● **Assignment**:
Once the images are set aside, write out the rest of the records exactly.

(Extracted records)
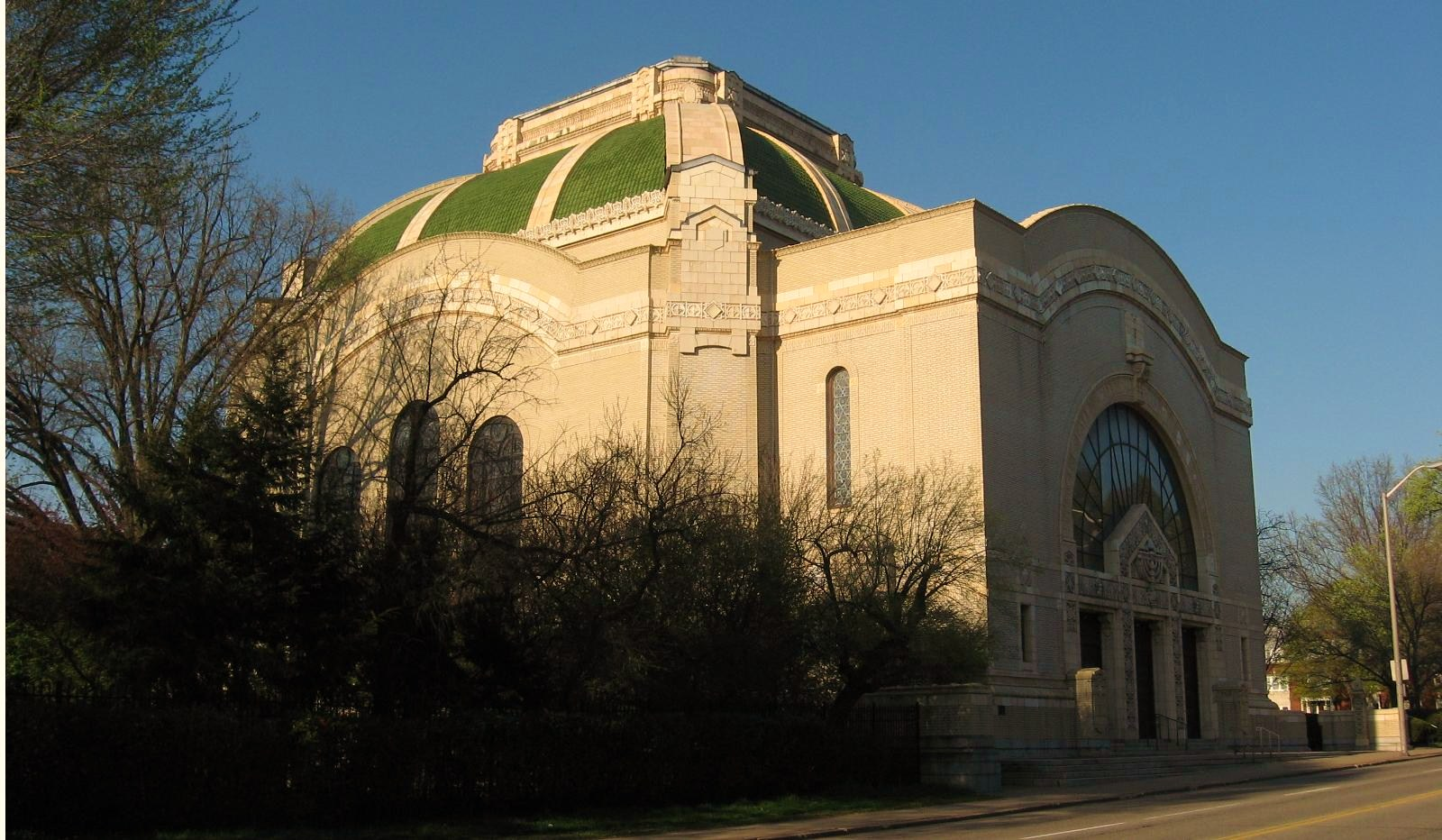 The Rodef Shalom Temple in Pittsburgh 40°26′51.4″N 79°56′36.2″W / 40.447611°N 79.943389°W
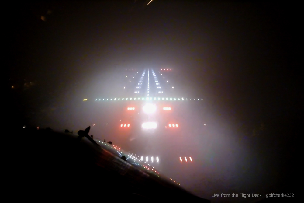 CAT IIIA Landing Gopro Hero 3+ Black Edition Weather conditions: BKN001, OVC002, RVR 1000m
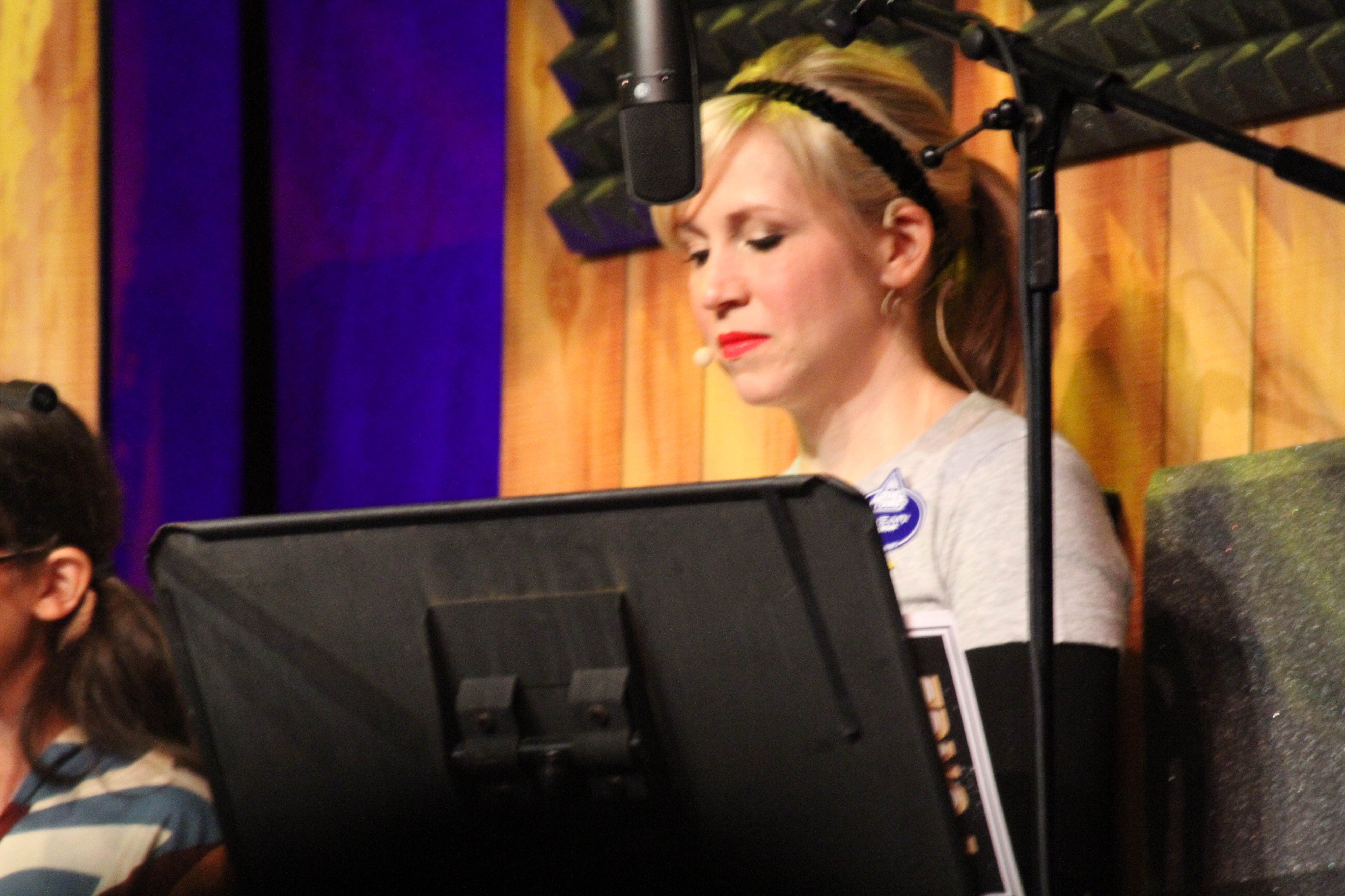 Star Wars Weekends event with Clone Wars voice actors, May 26, 2012.
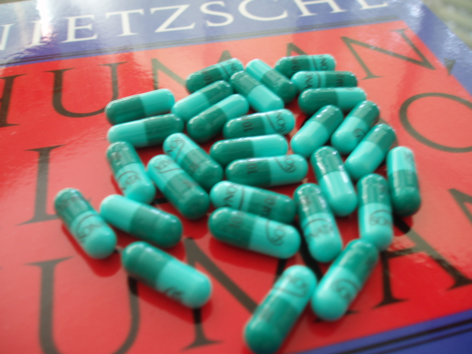 A one month's supply of Sonata 10mg capsules.
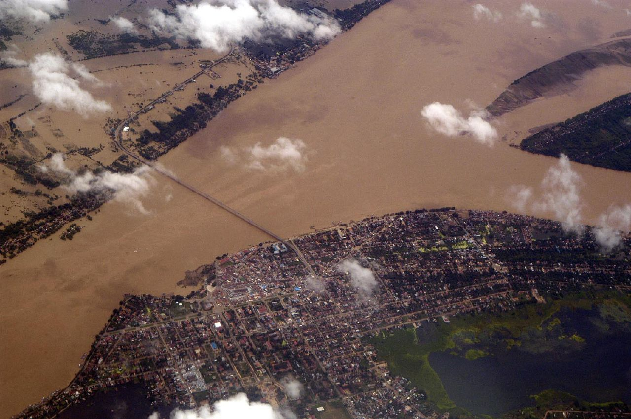 Mekong flooding at Kompong Cham (upstream from Phnom Penh).
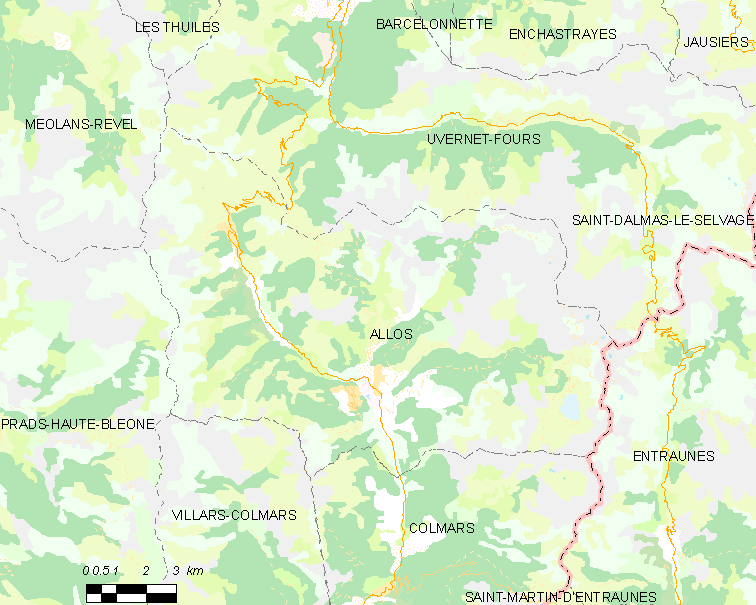 Map commune FR insee code 04006.png Légende
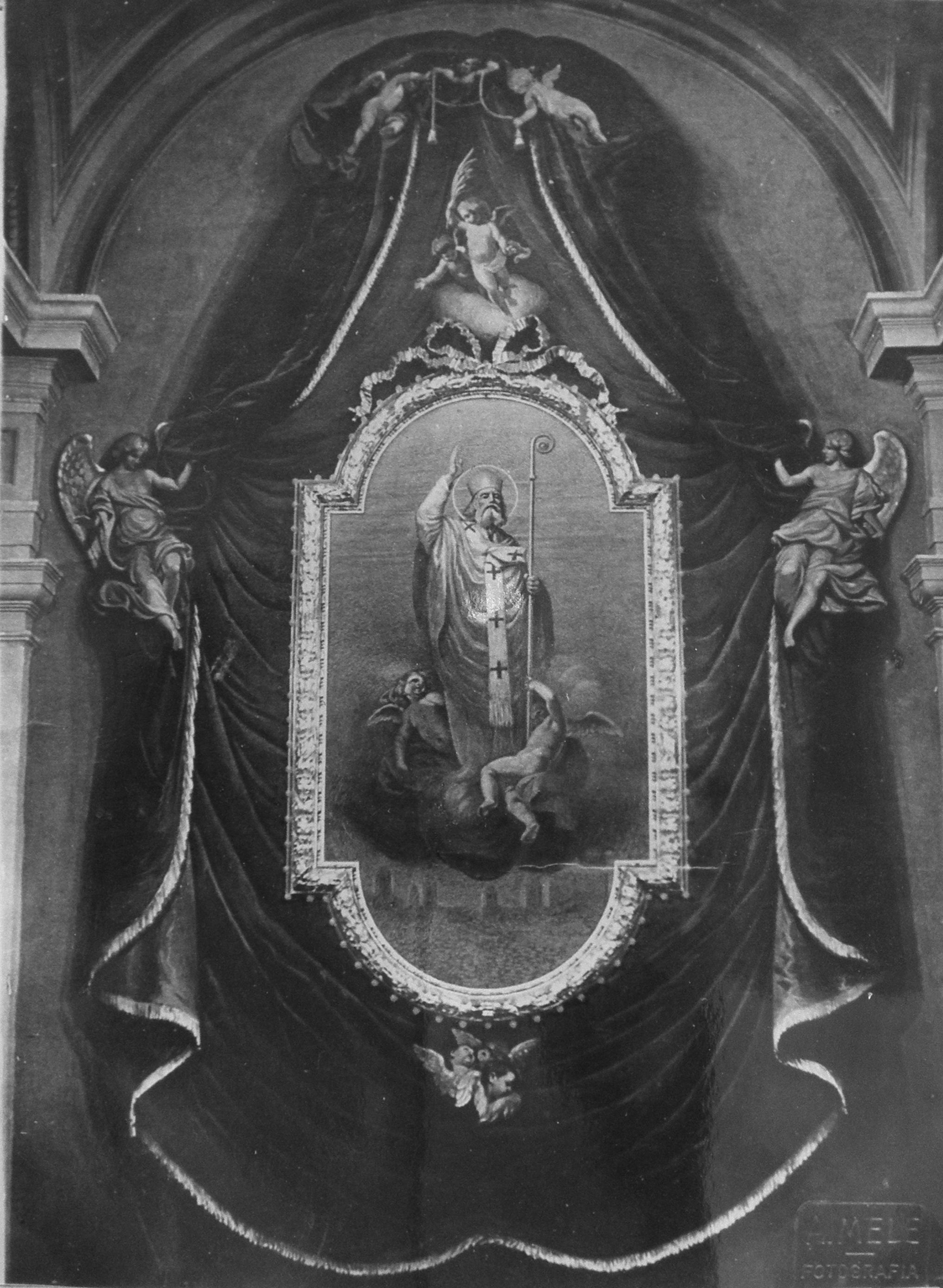 Pala di San Gaudenzo, destroyed during 1948s reconstruction work
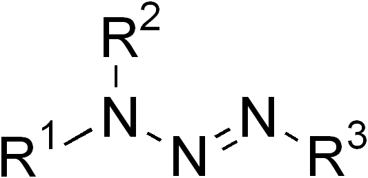 general chemical structure of a triazene
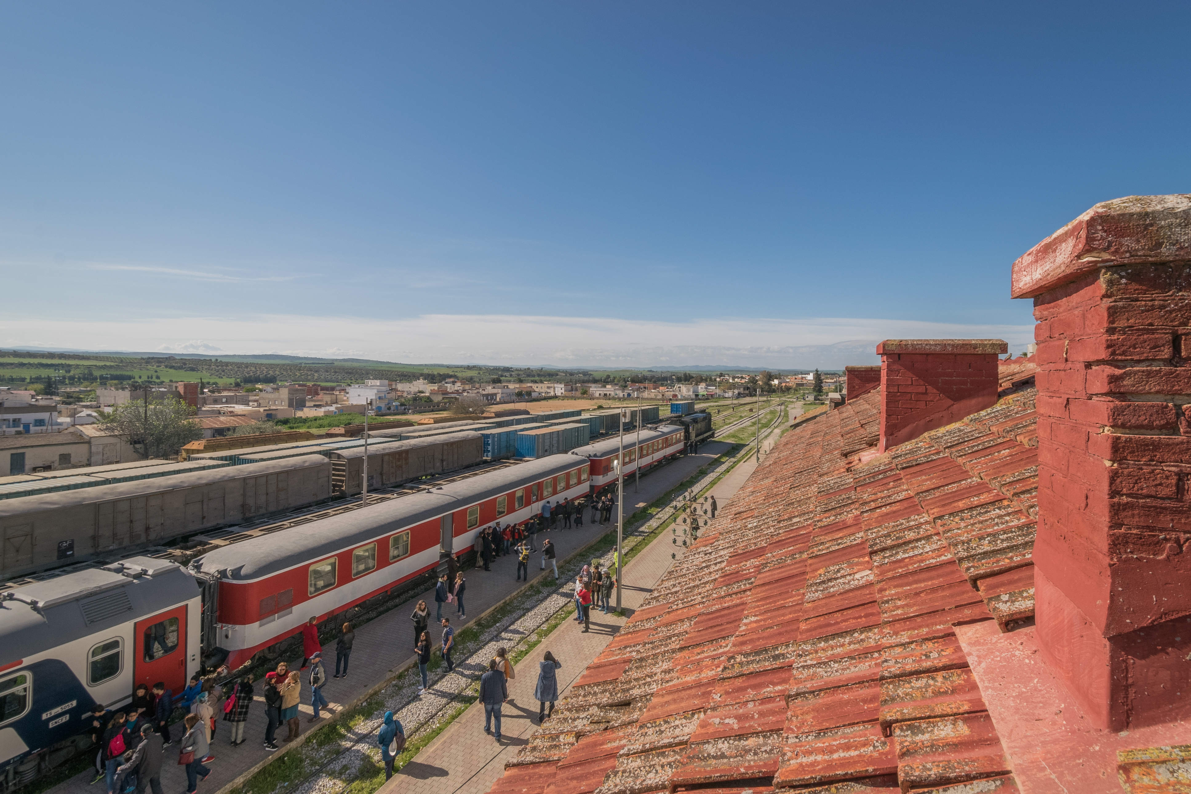 This is an image with the theme "Africa on the Move or Transport" from: Tunisia
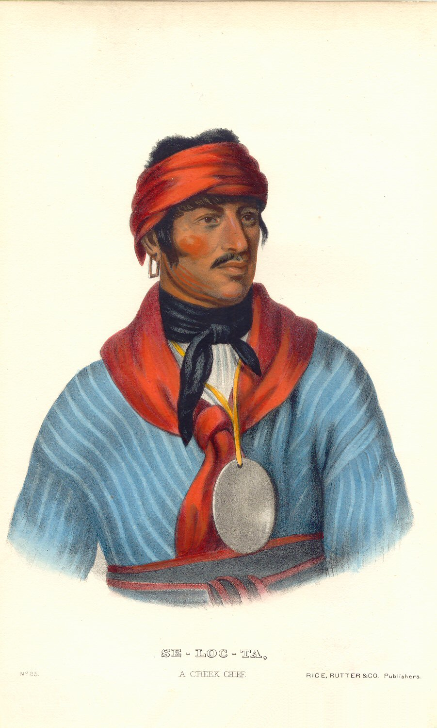 Portrait of Muscogee (Creek) Se-loc-ta

● **Your solution**:
 The Rodef Shalom Temple in Pittsburgh 40°26′51.4″N 79°56′36.2″W / 40.447611°N 79.943389°W
 CAT IIIA Landing Gopro Hero 3+ Black Edition Weather conditions: BKN001, OVC002, RVR 1000m
 Star Wars Weekends event with Clone Wars voice actors, May 26, 2012.
 A one month's supply of Sonata 10mg capsules.
 Mekong flooding at Kompong Cham (upstream from Phnom Penh).
 Map commune FR insee code 04006.png Légende
 Pala di San Gaudenzo, destroyed during 1948s reconstruction work
 general chemical structure of a triazene
 This is an image with the theme "Africa on the Move or Transport" from: Tunisia
 Portrait of Muscogee (Creek) Se-loc-ta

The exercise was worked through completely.